- TRY IT
All that is needed is an exact copy of the lines from the beginning of the data below through the line containing "Dieser Schreibtischrahmen aus", minus the pictures.

========================================================================

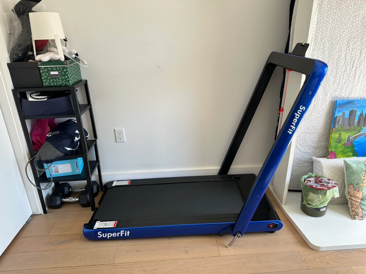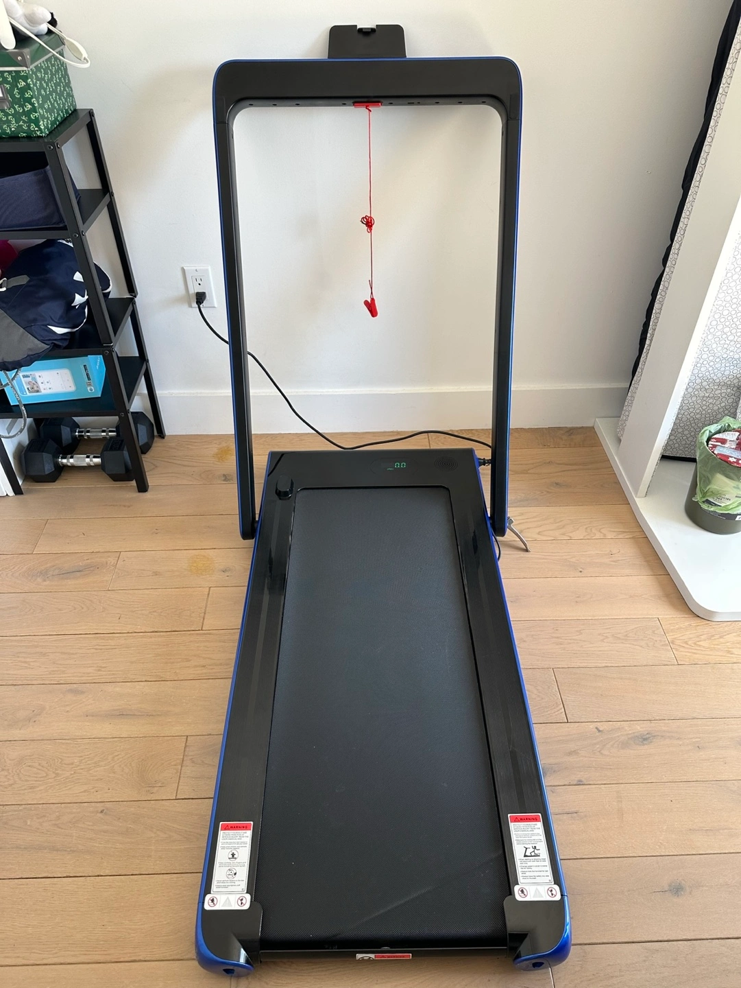 Elevate your fitness routine with a pristine folding treadmill! Perfect for work breaks as it fits under your desk or cardio sessions (speed: 11km/h). Includes accessories (included lubricant to keep it as new too), embedded speaker for music which connects to your phone by Bluetooth, and remote control. Don't wait, grab this opportunity now! ๐โโ๏ธ๐ถ
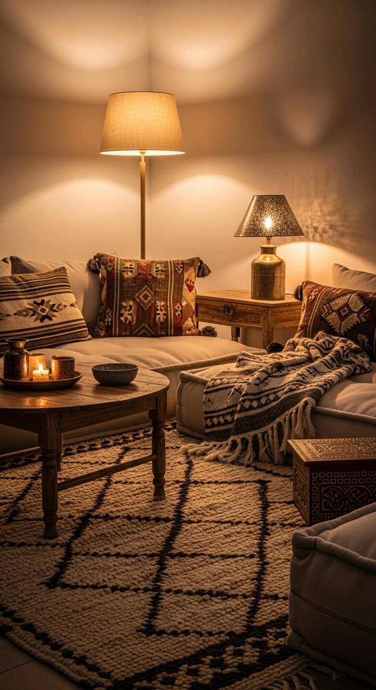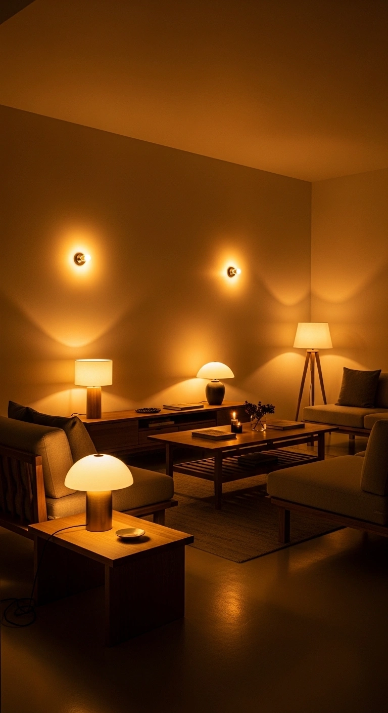 Use lamps instead of ceiling lights. Choose bulbs with warm tones. Add dimmers if possible. Spread light sources across the room. Avoid bright white lights. Pair lighting with neutral décor. This setup changes the mood instantly.
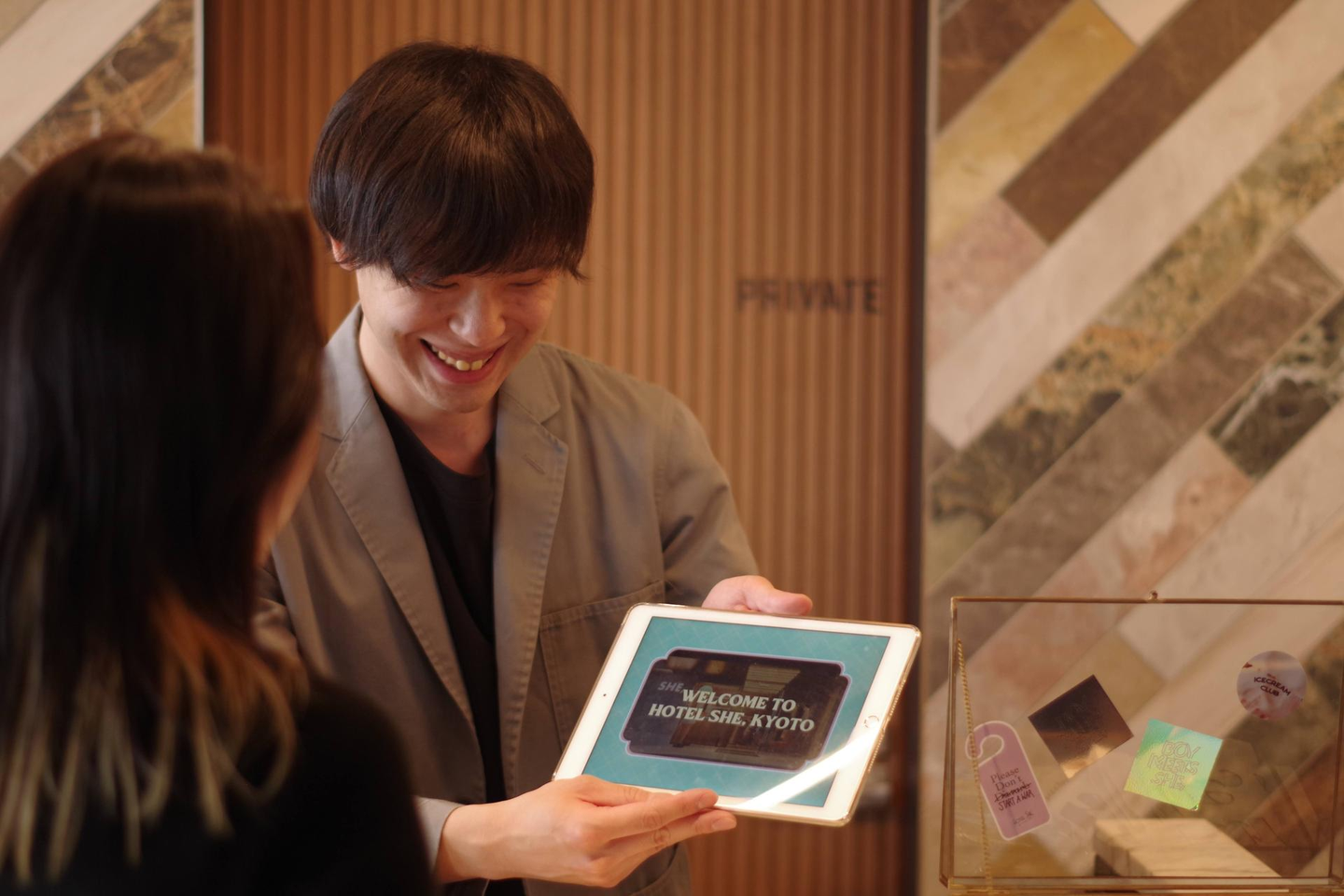 空間やコンセプト、そこでの体験を大切にしているHOTEL SHE, KYOTOだからこそ、ゲストが京都に訪れたときのサードプレイスとして愛されるよう、今後もそれらを守り、時に変化させていきながら、どれだけ自分をそこに表現できるかを楽しみに、今日もフロントに立っています。
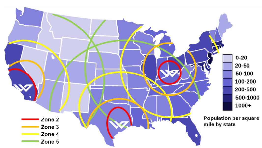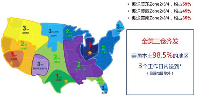 如果你在美国有三个仓库,基本上可以在理想的状态下三天内进行全美的妥投,比例是达到98.5%,当然偏远地区除外。
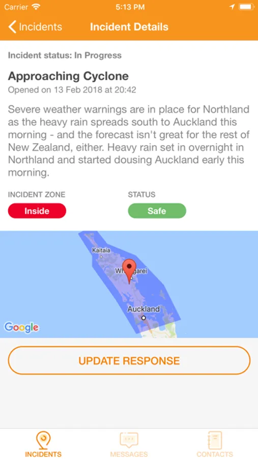 The app uses location data to alert users of an incident in the area and prompt them to confirm whether they are safe or in danger. Messages can be sent to individuals or groups via the app, providing advice, information and regular updates. Emergency contacts can also be viewed in-app if further assistance is required.
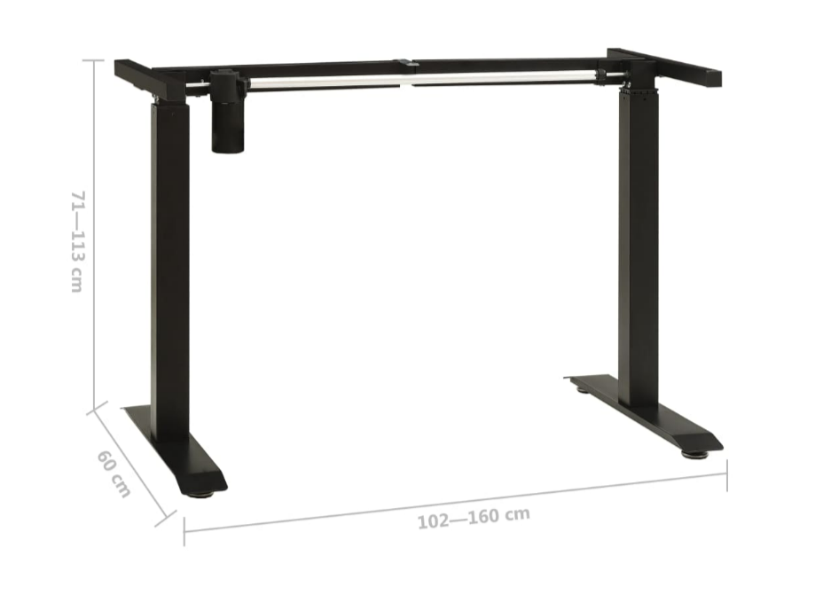Dieser Schreibtischrahmen aus pulverbeschichtetem Kohlenstoffstahl ist stabil. Es hat eine einstellbare Breite von 102-160 cm und eine Höhe von 71-113 cm, um Ihren spezifischen Anforderungen gerecht zu werden. Das Gestell verfügt über ein Bedienfeld mit Auf-/Ab-Tasten für eine schnelle und mühelose Einstellung. Es kann mit einer Tischplatte Ihrer Wahl verwendet werden, um perfekt zu Ihrem Arbeitsbereich zu passen. Dieses Gestell ist für eine Tischbreite von 120-180 cm und eine Tiefe von 60-80 cm geeignet.
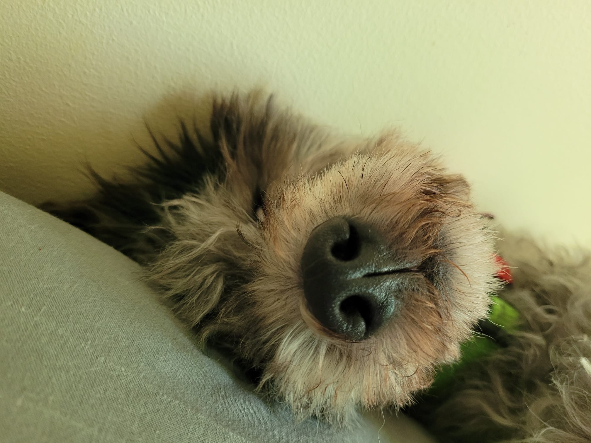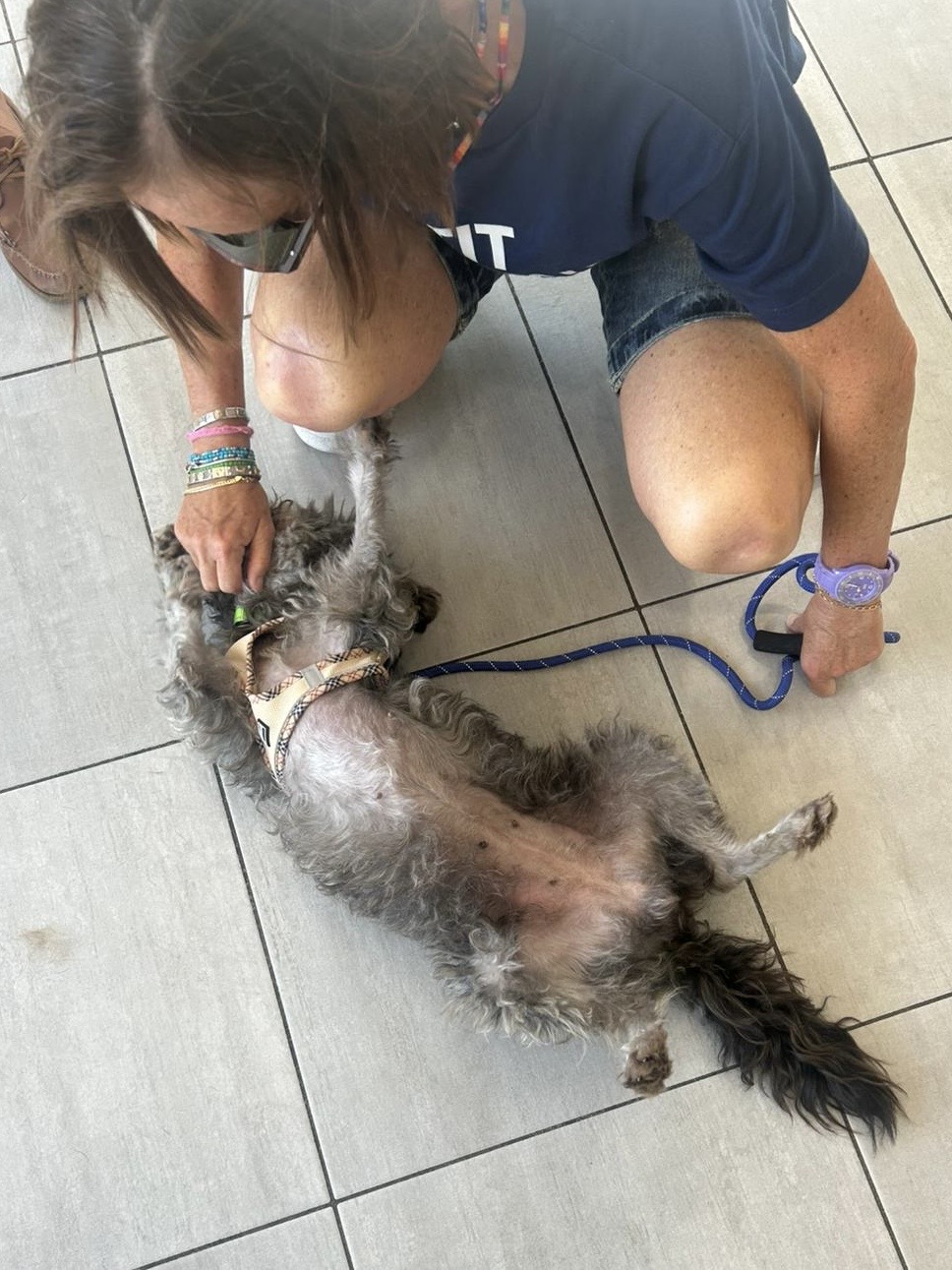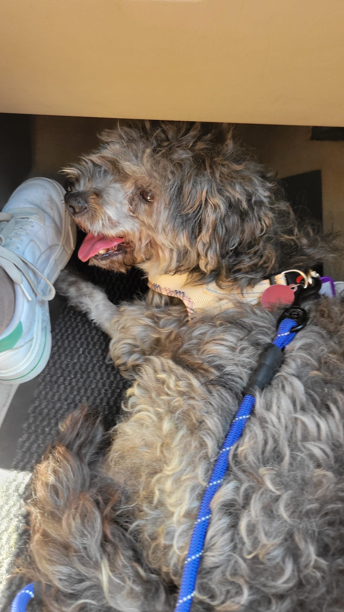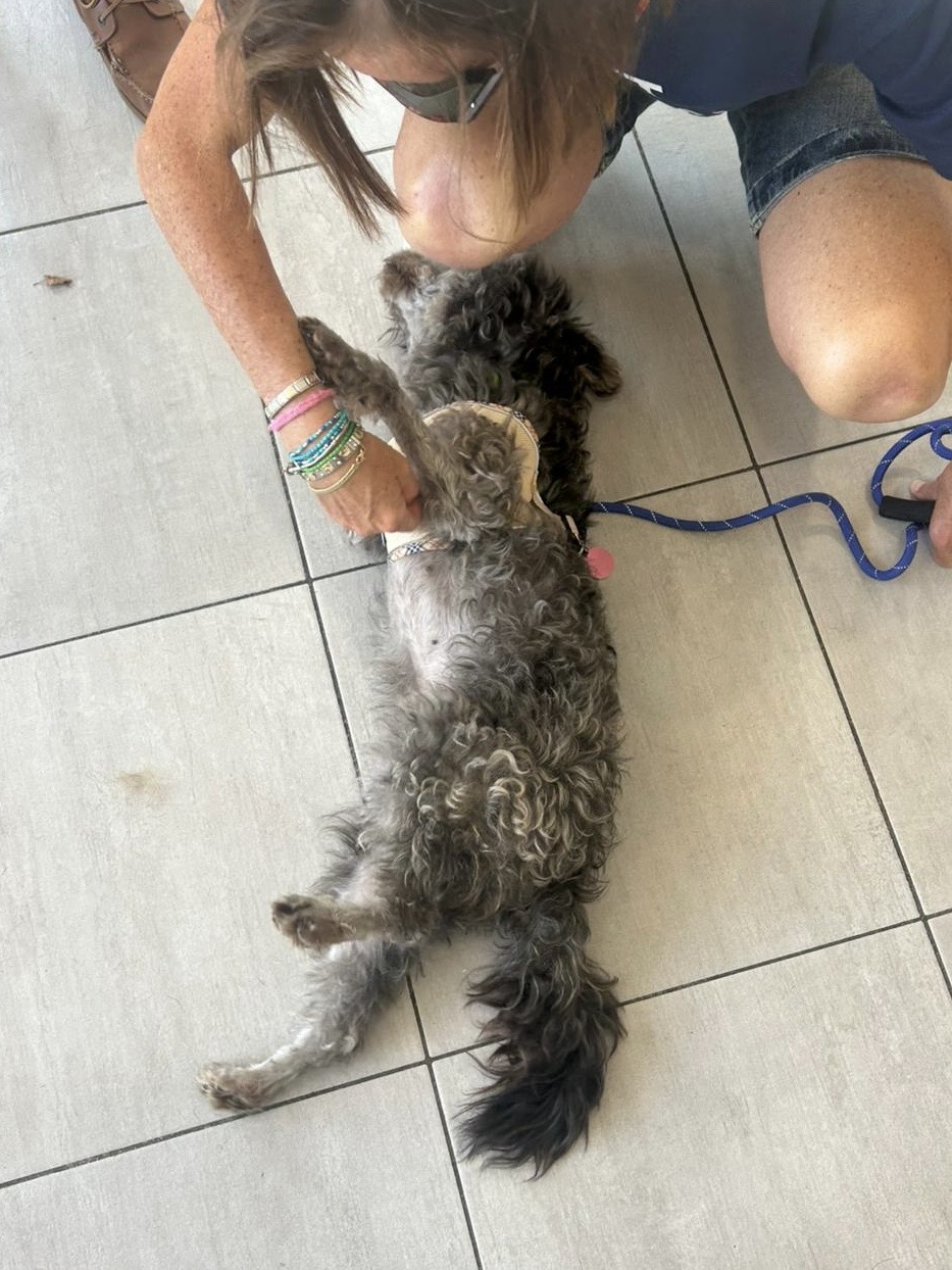 ALTA est une chienne de type croisée caniche, non lof, couleur grise.

========================================================================

- RESPONSE AREA
 Elevate your fitness routine with a pristine folding treadmill! Perfect for work breaks as it fits under your desk or cardio sessions (speed: 11km/h). Includes accessories (included lubricant to keep it as new too), embedded speaker for music which connects to your phone by Bluetooth, and remote control. Don't wait, grab this opportunity now! ๐โโ๏ธ๐ถ
 Use lamps instead of ceiling lights. Choose bulbs with warm tones. Add dimmers if possible. Spread light sources across the room. Avoid bright white lights. Pair lighting with neutral décor. This setup changes the mood instantly.
 空間やコンセプト、そこでの体験を大切にしているHOTEL SHE, KYOTOだからこそ、ゲストが京都に訪れたときのサードプレイスとして愛されるよう、今後もそれらを守り、時に変化させていきながら、どれだけ自分をそこに表現できるかを楽しみに、今日もフロントに立っています。
 如果你在美国有三个仓库,基本上可以在理想的状态下三天内进行全美的妥投,比例是达到98.5%,当然偏远地区除外。
 The app uses location data to alert users of an incident in the area and prompt them to confirm whether they are safe or in danger. Messages can be sent to individuals or groups via the app, providing advice, information and regular updates. Emergency contacts can also be viewed in-app if further assistance is required.
Dieser Schreibtischrahmen aus pulverbeschichtetem Kohlenstoffstahl ist stabil. Es hat eine einstellbare Breite von 102-160 cm und eine Höhe von 71-113 cm, um Ihren spezifischen Anforderungen gerecht zu werden. Das Gestell verfügt über ein Bedienfeld mit Auf-/Ab-Tasten für eine schnelle und mühelose Einstellung. Es kann mit einer Tischplatte Ihrer Wahl verwendet werden, um perfekt zu Ihrem Arbeitsbereich zu passen. Dieses Gestell ist für eine Tischbreite von 120-180 cm und eine Tiefe von 60-80 cm geeignet.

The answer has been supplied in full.